[Records from a dataset]
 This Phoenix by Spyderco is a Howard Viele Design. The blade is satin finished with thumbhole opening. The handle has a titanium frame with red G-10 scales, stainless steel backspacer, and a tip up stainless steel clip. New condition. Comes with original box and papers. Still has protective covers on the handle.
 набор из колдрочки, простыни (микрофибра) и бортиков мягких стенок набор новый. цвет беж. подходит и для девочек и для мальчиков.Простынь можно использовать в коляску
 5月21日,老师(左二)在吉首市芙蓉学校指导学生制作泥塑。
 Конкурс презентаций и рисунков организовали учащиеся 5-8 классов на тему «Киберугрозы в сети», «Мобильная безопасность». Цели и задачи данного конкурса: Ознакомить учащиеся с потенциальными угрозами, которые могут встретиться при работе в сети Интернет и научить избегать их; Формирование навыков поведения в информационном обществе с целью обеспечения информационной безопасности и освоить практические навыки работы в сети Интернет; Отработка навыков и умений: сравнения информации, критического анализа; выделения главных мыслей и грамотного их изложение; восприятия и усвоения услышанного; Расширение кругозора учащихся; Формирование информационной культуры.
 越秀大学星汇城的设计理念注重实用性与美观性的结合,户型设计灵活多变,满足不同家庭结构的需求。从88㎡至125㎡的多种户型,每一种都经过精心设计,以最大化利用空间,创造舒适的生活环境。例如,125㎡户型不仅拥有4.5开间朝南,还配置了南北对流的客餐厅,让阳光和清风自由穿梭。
...
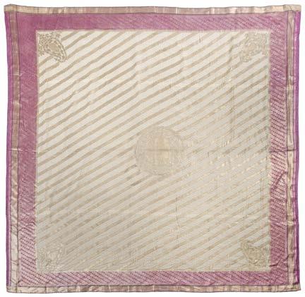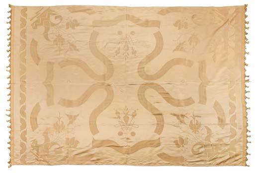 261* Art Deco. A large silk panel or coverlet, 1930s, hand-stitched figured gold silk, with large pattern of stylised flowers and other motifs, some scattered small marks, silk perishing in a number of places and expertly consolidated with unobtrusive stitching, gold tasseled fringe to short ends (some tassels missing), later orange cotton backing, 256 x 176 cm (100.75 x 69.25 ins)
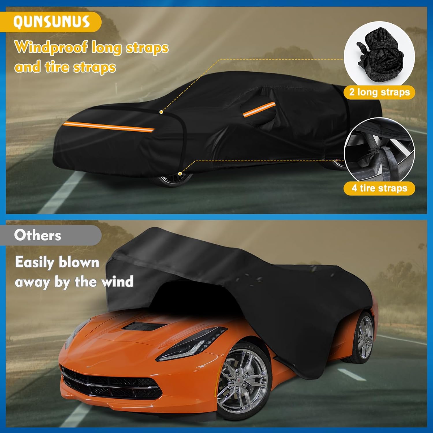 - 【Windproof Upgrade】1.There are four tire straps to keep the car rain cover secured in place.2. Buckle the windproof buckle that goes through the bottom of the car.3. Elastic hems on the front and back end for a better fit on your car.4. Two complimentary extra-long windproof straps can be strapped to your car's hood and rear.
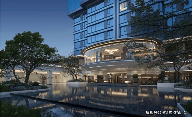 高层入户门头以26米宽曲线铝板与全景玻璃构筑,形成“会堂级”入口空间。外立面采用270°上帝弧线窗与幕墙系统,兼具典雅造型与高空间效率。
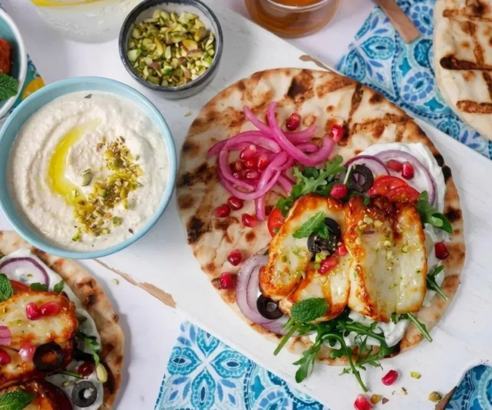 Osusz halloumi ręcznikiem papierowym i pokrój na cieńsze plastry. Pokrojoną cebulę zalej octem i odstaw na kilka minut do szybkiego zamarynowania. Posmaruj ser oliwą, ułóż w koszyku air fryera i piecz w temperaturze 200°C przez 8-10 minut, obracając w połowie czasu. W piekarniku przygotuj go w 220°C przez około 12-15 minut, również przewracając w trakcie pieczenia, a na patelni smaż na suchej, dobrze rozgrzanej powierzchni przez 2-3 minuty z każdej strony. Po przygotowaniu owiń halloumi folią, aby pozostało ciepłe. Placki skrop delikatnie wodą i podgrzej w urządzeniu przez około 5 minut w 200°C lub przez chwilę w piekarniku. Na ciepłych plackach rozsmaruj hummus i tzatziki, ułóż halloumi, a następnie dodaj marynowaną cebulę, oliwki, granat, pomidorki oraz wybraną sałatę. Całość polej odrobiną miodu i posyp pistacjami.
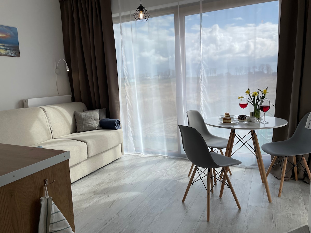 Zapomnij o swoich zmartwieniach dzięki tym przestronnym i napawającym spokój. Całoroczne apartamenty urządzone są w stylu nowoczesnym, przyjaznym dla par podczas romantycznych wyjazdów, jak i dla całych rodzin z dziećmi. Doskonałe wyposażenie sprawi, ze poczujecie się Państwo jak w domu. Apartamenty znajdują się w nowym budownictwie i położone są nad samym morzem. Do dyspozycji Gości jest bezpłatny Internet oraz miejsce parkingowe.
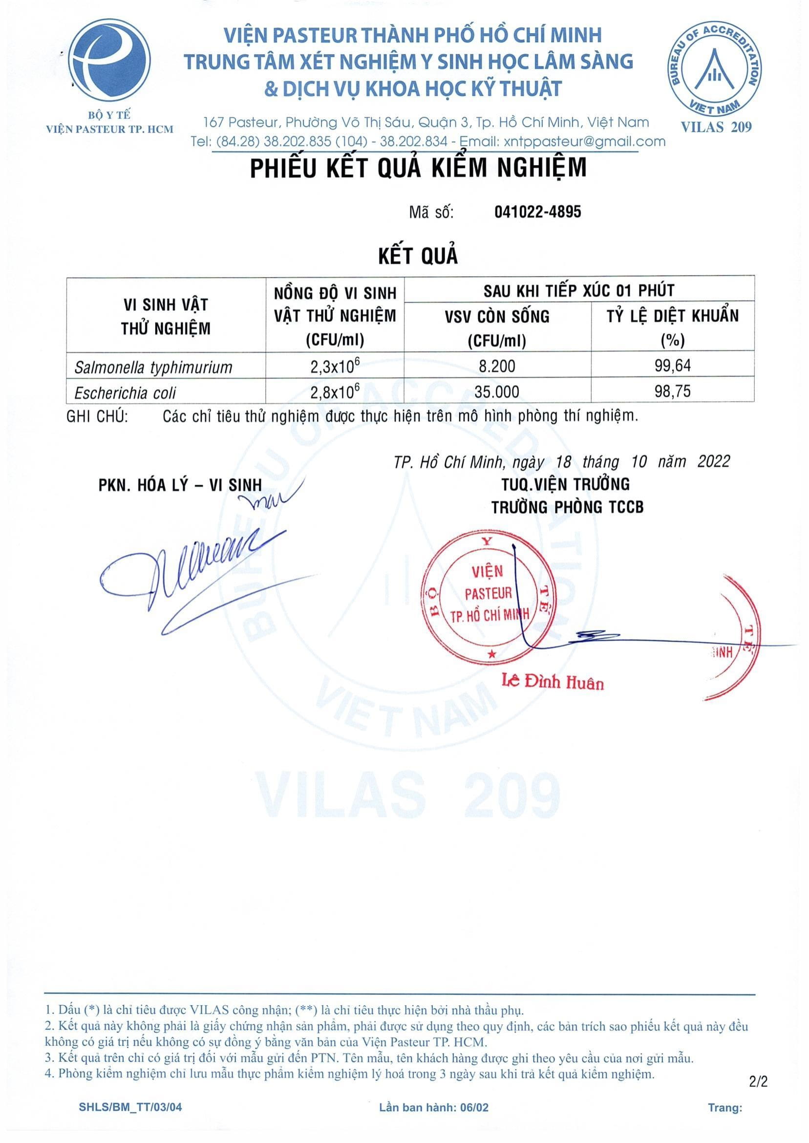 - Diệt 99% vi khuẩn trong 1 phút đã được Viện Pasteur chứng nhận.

Problem statement –
Copy out only the lines above from the one with "This Phoenix by" to the one with "越秀大学星汇城的设计理念注重", inclusive, exactly as they stand.

Result of this exercise –
 This Phoenix by Spyderco is a Howard Viele Design. The blade is satin finished with thumbhole opening. The handle has a titanium frame with red G-10 scales, stainless steel backspacer, and a tip up stainless steel clip. New condition. Comes with original box and papers. Still has protective covers on the handle.
 набор из колдрочки, простыни (микрофибра) и бортиков мягких стенок набор новый. цвет беж. подходит и для девочек и для мальчиков.Простынь можно использовать в коляску
 5月21日,老师(左二)在吉首市芙蓉学校指导学生制作泥塑。
 Конкурс презентаций и рисунков организовали учащиеся 5-8 классов на тему «Киберугрозы в сети», «Мобильная безопасность». Цели и задачи данного конкурса: Ознакомить учащиеся с потенциальными угрозами, которые могут встретиться при работе в сети Интернет и научить избегать их; Формирование навыков поведения в информационном обществе с целью обеспечения информационной безопасности и освоить практические навыки работы в сети Интернет; Отработка навыков и умений: сравнения информации, критического анализа; выделения главных мыслей и грамотного их изложение; восприятия и усвоения услышанного; Расширение кругозора учащихся; Формирование информационной культуры.
 越秀大学星汇城的设计理念注重实用性与美观性的结合,户型设计灵活多变,满足不同家庭结构的需求。从88㎡至125㎡的多种户型,每一种都经过精心设计,以最大化利用空间,创造舒适的生活环境。例如,125㎡户型不仅拥有4.5开间朝南,还配置了南北对流的客餐厅,让阳光和清风自由穿梭。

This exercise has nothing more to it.